I could code something up in Java or perl (or shell+curl/wget) without a ton of effort (I may end up using this as en excuse to pick up Android development again), and use something like prowl/growl (or just text messages) to get the alerts to the iPhone, but I'm really hoping there is something like IFTTT but more complex (and able to monitor arbitrary websites).

The main piece is that the site requires a login, and so whatever site scraper I use has to be smart enough to establish a session, hold on to a session cookie, and pass that session cookie on subsequent requests. (Security of the username/password is not a big concern, so if there's a cloud-based solution that can help me, that's OK.)

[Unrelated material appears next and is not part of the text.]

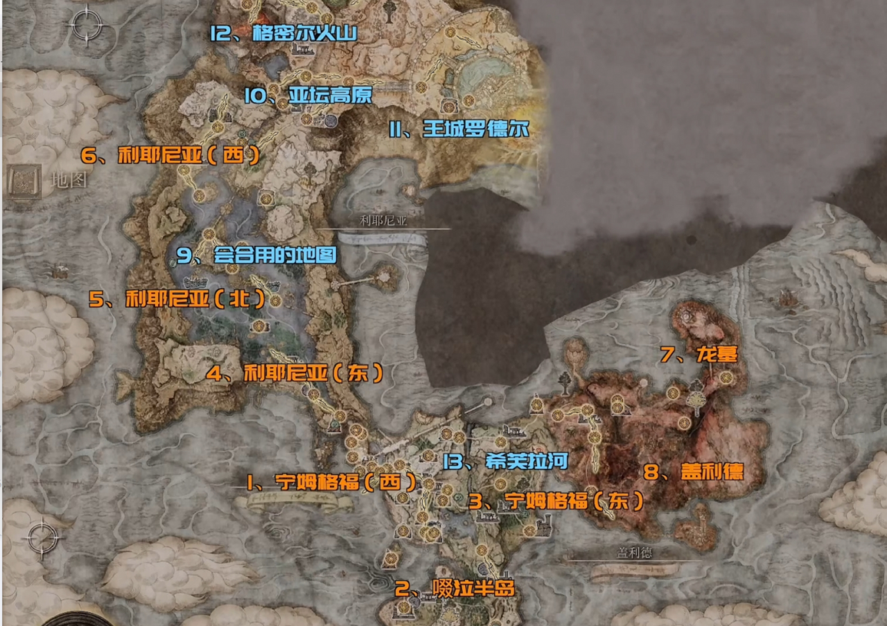 首頁 艾爾登法環 問答 艾爾登法環地圖順序是什麼? 2022-07-01 第一,寧母格福(西)第二,啜泣半島第三,寧母格福(東)第四,利耶妮亞(東)第五,利耶妮亞(北)第六,利耶妮亞(西)第七,龍墓第八,蓋立德第九,會合用的地圖第十,亞壇高原第十一,王城羅德爾第十二,格密爾火山第十三,希芙拉河

I have a hosting account at my disposal, but no virtual server that is conveniently usable, so something that can run on one of my (Windows) desktops at home is probably good enough/ideal for this purpose.
posted by jferg to Computers & Internet (6 answers total) 1 user marked this as a favorite
 
I think you'd want an "rss scraper" to create your own RSS feed. From there, there must be some good notification options available for RSS in general. This would be good because you can also, possibly, scrape the content which may mean you don't have to log in manually to get the content.

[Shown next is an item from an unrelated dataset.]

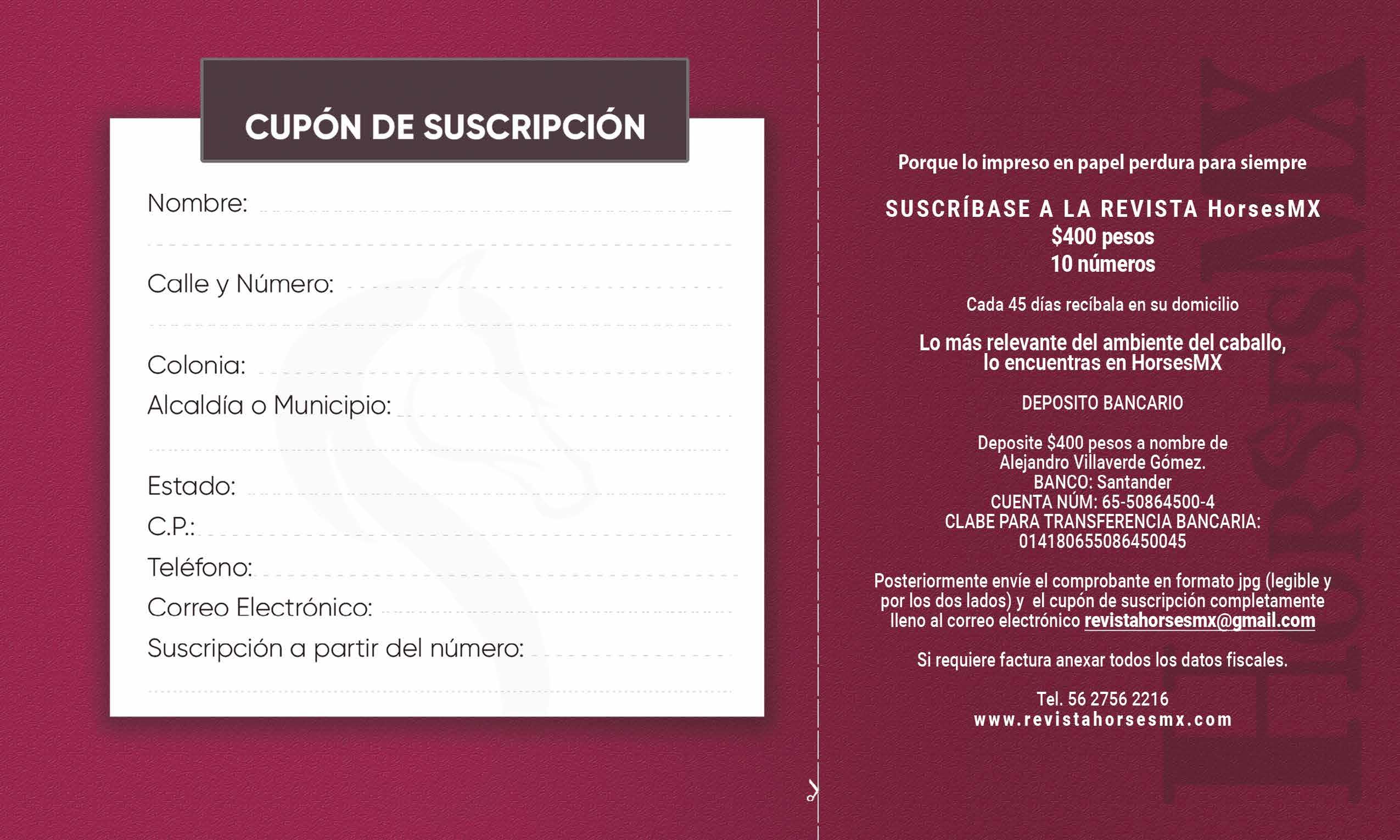 DIRECTORIO EDITORES: Miguel Juárez Salazar • Alejandro Villaverde Gómez • COORDINADORA EDITORIAL: L.C.C. Lorena Picazo Sosa • COORDINADORA CREATIVA: Guadalupe Franco Valdez • FOTOREPORTERO: Elliott León Patiño • DISEÑADOR WEB: Jorge Pérez Luviano • DISTRIBUCIÓN: Edgar Alejandro Alfaro Castro • COLABORADORES • MEDICINA VETERINARIA: MVZ Daniel Hernández Mandu jano • MVZ Enrique Obregón • MsC Karina Obregón Jurgens • INTERNACIONAL: MV Enrique Castillo • FOTOGRAFÍA HIPÓDROMO: AMH - Miguel Ángel Espinoza • AMH - Juan Carlos Velázquez • FOTOGRAFÍA DE CARRERAS: Patricio González (PG), Golden Friend Photos HorsesMx Nº 11 Vol. 2, Septiembre - Octubre 2022, es una publicación editada cada 45 días. Ciudad de México, México • Editor Responsable: Alejandro Villaverde Gómez • Tel. 56 2756 2216 • www.revistahorsesmx.com • e- Mail: revistahorsesmx@gmail.com • Revista HorsesMX Instagram: Revista HorsesMX Nº de Reserva al Título en Derechos de Autor: 04-2021-071613482200-102, Nº de Certificado de Licitud de Título y Contenido: 17485 Este número se terminó de imprimir en Septiembre de 2022 en Fotomecánica Digital Yepez, Emilio Carranza 140 B, Col. San Andrés Tetepilco, Iztapalapa, C.P. 09440, Ciudad de México. Distribuido por: IBERMEX: World Park: Avenida 2 de Marzo No. 120, Bodegas 6 y 7, Barrio San Juan Xocotla C.P. 54960, Municipio de Tultepec, Estado de México. Consulte el Aviso de Privacidad en: www.revistahorsesmx.com/avisodeprivacidad.pdf Copyright 2021. Derechos reservados. Fotografía, diseño y anuncios elaborados por la Editorial, son propiedad exclusiva de la misma.SE PROHIBE LA REPRODUCCIÓN TOTAL O PARCIAL DEL MATERIAL SIN AUTORIZACIÓN ESCRITA DE LA EDITORIAL. EL CONTENIDO DE LOS ARTÍCULOS ES ÚNICAMENTE RESPONSABILIDAD DEL AUTOR. No.11 Vol.2 Septiembre - Octubre 2022

Searching for "rss scraper" displayed other searches which amounted to "rss scraper [language]" so that's where I'd go in your shoes.
posted by Sunburnt at 10:06 AM on January 13, 2014


If this then that?
posted by Potomac Avenue at 11:21 AM on January 13, 2014


Response by poster: Sunburnt: Trying to scrape into an RSS feed might be a good end result to facilitate alerting, but the site is not natively RSS-enabled, so I still need something that can deal with logging into the site and scraping the information.

Potomac Avenue: Unfortunately, IFTTT doesn't have the capability of doing complex interactions with arbitrary websites. Otherwise I'd be all over it. I need IFTTT++. :-)
posted by jferg at 11:59 AM on January 13, 2014


I think that you are going to have to create the RSS scraper, or hire one that you can program to scrape the site in question, within the constraints of security of the site. I'm not sure how easy that is with a login requirement, but I can't imagine you're the first person with this problem.

Maybe i'm using the term scraper wrong: you want to generate the RSS feed yourself, and then you can use existing RSS tools to handle notification.
posted by Sunburnt at 12:43 PM on January 13, 2014


If you're semi-comfortable with setting up a system to do this, look into test automation tools, like Selenium. Some of them are made for non programmers, so you can easily create a script that logs in a web site, checks the page for a given section, and have it alert you in some way.
posted by jsmith77 at 5:35 PM on January 13, 2014


I could code something up in Java or perl

It's been a looooong time since I used it, but perl's WWW::Mechanize is designed for exactly what you want to do, can handle session headers and cookies and etc, and is fairly straightforward to use.